Last, I made my way to the Water Museum, in an old water tower overlooking the Dnieper. I had my own English tour guide who explained the sewage system, displayed uses of water, fish tanks, nature, urged me to save water and encased me in a giant bubble. We took the subway together and I rode the bus to the end of the line to Galina. That morning Galina had introduced me to the woman doorkeeper who stayed in a small room with a bed at the entrance and let me in the building. I arrived as Tymofey was leaving, having played ping pong after school. I cooked up carrots and gulash mix with beans but it wasn't any good. 

The next morning during a long wait for the bus to the metro I saw a hungry mangy dog looking hopefully at us all. I vowed to pick up some meat for him later that day but never saw him again and left the hot dogs with Galina, hoping she will feed them to him.   
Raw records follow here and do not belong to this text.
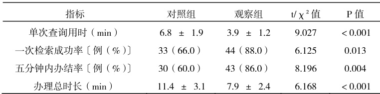 观察组在单次查询用时、一检成功与五分钟内办结率方面优于对照组,办理总时长明显缩短,见表2。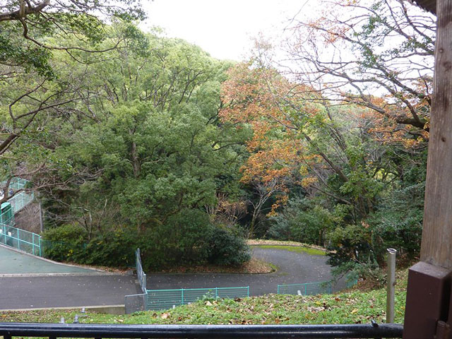 上の道を歩いていたら、下にキョンがいるのが見えました。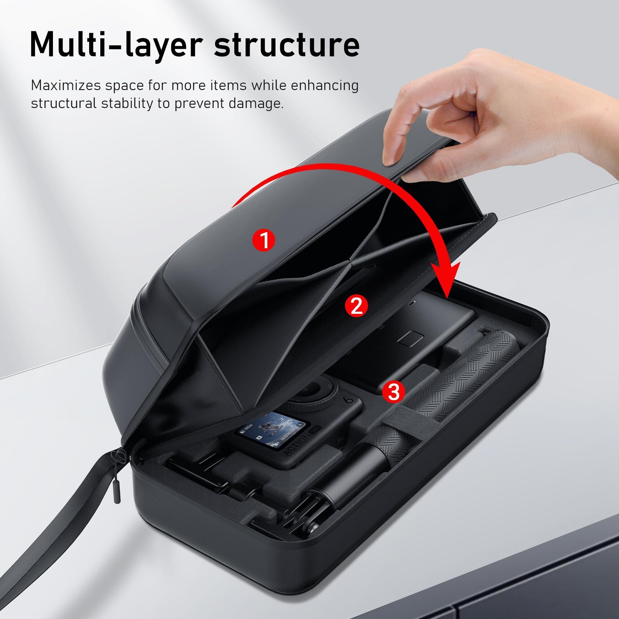 【多機能収納レイヤー】 action 6 キャリーバッグの上部収納スペースは、ケーブルやその他サードパーティ製アクセサリー専用に設計され、安全で信頼性の高い独立した収納エリアを提供します。Osmo Action 6 収納バッグは、ユニークな4区画仕切りデザインを採用し、様々なアクセサリーを整然と整理収納できます。

I went this time to the Russian Art Museum opposite Taras Shevchenko University. There was a second exhibition on the ground floor, so many works of art are in storage and rarely on exhibit, I felt compelled to give them a look. I think being a museum guard must be a very dull job, and it's women's work in this part of the world. 

I must mention I seem to be allergic to food, my nose generally runs after eating. After I sneezed five times in a row, Galina decided to give me the warm salt water up the nose treatment. It wasn't pleasant but it did obliterate that runny nose! My next hostess, Yulia, had a cold and I mentioned it to her, also gave her a Benadryl to knock her out the night she slept til noon.

I was to meet Yulia at Oblone metro stop as Sasha and his family headed for the country. But she was waiting at the bus stop and I was at the metro entrance watching men unload half torsos of females to display sweaters for sale underground. A friendly English speaker with a phone called Yulia for me and minutes later we met. Her 13th floor studio apartment was nearby and it was great to have a fluent English speaker for a host. She served tea and candy and mimosa, a prepared salad confection of rich egg whites, fish and carrots in colorful layers. 

She has a treadmill in her bedroom, stress eating and free cookies at work has added the pounds. I tried her glass scale, she did the math, and I am 20 pounds lighter since June! No wonder the skin on my arms sags. One of six children and the daughter of a Lada automaker, Yulia helps her parents, since pensions are only about $100 a month. Her sister emigrated to Italy and urges Yulia to join her. She has travelled to Tanzania but says racism in Ukraine is bad; blacks have been murdered, and African students stay in their dorms. She doesn't cook but keeps a very neat studio apartment, being allergic to dust. Her bedside lamp is a crystal that lights up.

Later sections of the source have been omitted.